Une semaine après l’attaque de la basilique Notre-Dame de Nice, le jeudi 5 novembre, le chef de l’État français a annoncé le doublement des forces de contrôle aux frontières, qui passeront de 2’400 à 4’800 hommes pour lutter contre l’immigration clandestine. Évoquant une « intensification de la menace », le président français a déclaré que « lutter efficacement contre ce terrorisme islamiste, c’est lutter également contre des réseaux de trafiquants qui ont des liens avec ces terroristes, qui parfois sont des terroristes eux-mêmes, qui utilisent le trafic de stupéfiants et le trafic d’êtres humains pour renforcer leur action et parfois agir directement ».

En outre, le chef d’État français a soutenu que « faire le lien [entre terrorisme et immigration ndlr.] ne veut pas dire qu’on doit tout confondre. Il ne faut pas tout confondre. Nous ne sommes pas une île et nous vivons dans un continent qui est fait de migrations ». A cet effet, il a évoqué « une refonte en profondeur de l’Espace Schengen » dont il souhaite repenser l’organisation et intensifier la protection commune aux frontières avec une véritable police de sécurité aux frontières extérieures.

Le gouvernement maltais accusé de « traitements inhumains » par 50 migrants

InfoMigrants, le 06 novembre 2020

En avril dernier, le Dar As Salam 1, un canot transportant une cinquantaine de personnes migrantes a été intercepté en mer par un navire marchand alors qu’il naviguait dans les eaux maltaises. Le bateau commercial a ensuite remis les personnes migrantes aux garde-côtes libyens qui les ont acheminés au port de Tripoli (LY). Cinq cadavres se trouvaient également à bord.
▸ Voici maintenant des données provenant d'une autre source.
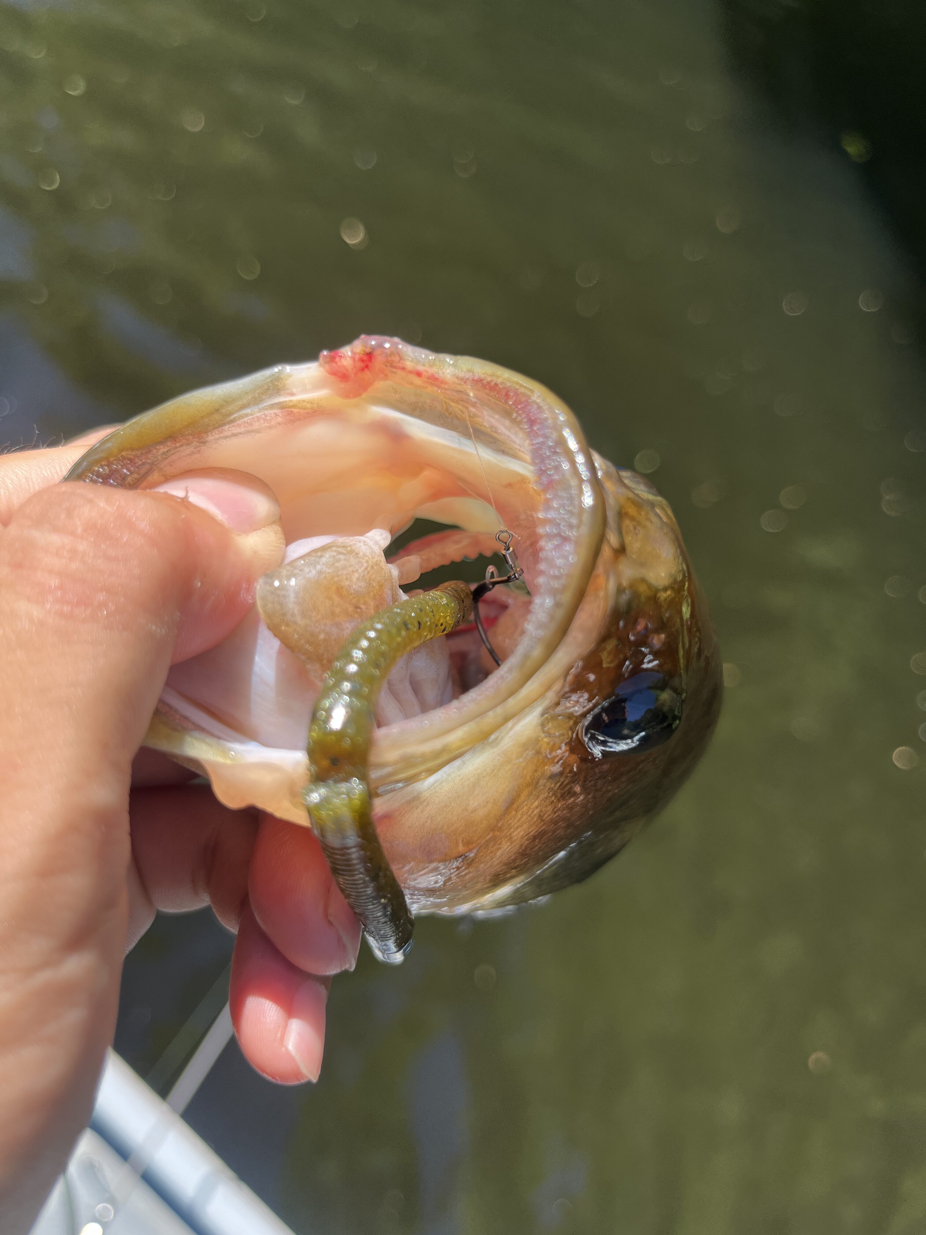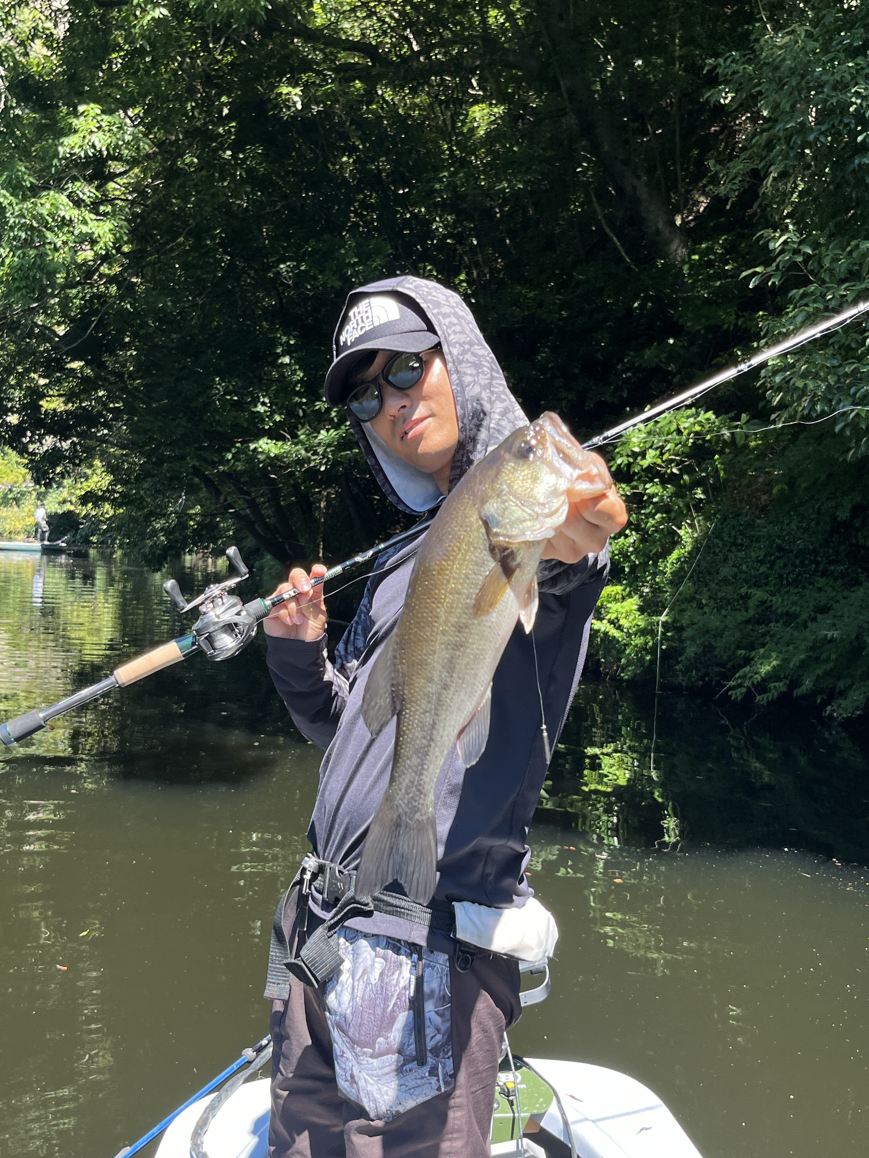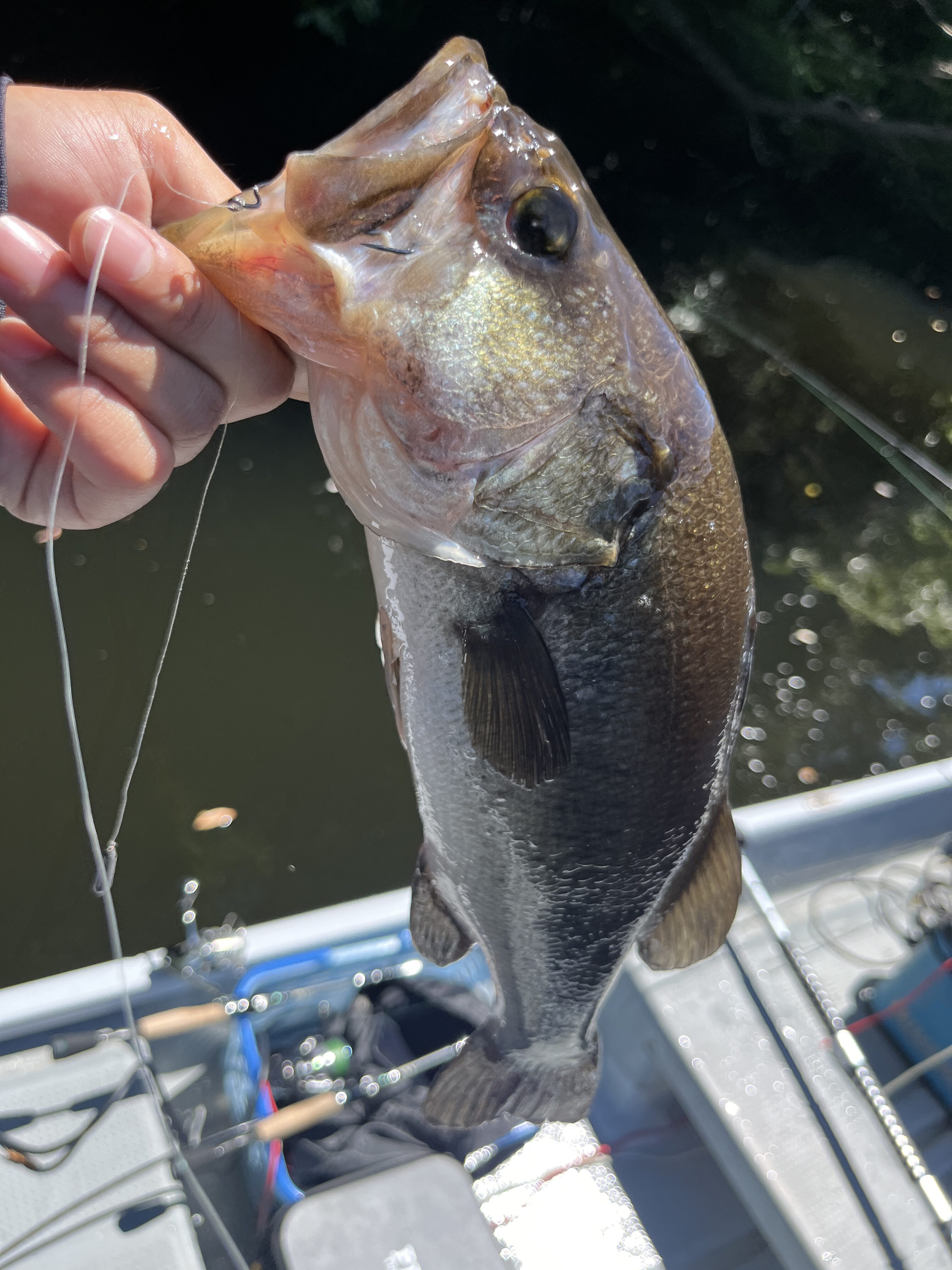 朝は涼しくて快適!出船してすぐ本湖へ!ギル系ルアーをグライドアクションさせて流していきます。すると速攻でバスの姿が!ほぼ毎回のキャストで1匹付いてきますがなかなか食べてくれません…その中でも特大サイズがまさかのバイト!もフックアウトでさようなら👋泣

Suite à cet événement, les principaux concernés ainsi que les proches des deux hommes morts en mer ont porté plainte contre le Premier ministre maltais, le ministre de l’intérieur et le chef de l’armée maltaise pour non-respect de la Constitution maltaise et de la Convention relative aux droits de l’Homme. Les plaignants accusent le gouvernement maltais de « traitements inhumains et dégradants » qu’ils ont subis après leur renvoi en Libye et leur placement en centre de détention. Ils reprochent également au gouvernement maltais d’avoir violé leur « droit à la vie » et de n’avoir pas respecté les obligations du pays qui l’obligent à examiner les demandes d’asile.

L’Organisation internationale des migrations (OIM) avait à l’époque condamné l’action menée par Malte, rappelant que « les personnes secourues en mer ne doivent pas être renvoyées dans un port dangereux ».

 

Masar Hoti

Membre de la rédaction vaudoise de Voix d’Exils

 

 




Le délit de solidarité

Clémence Demay. Photo: Eddietaz / Voix d’Exils.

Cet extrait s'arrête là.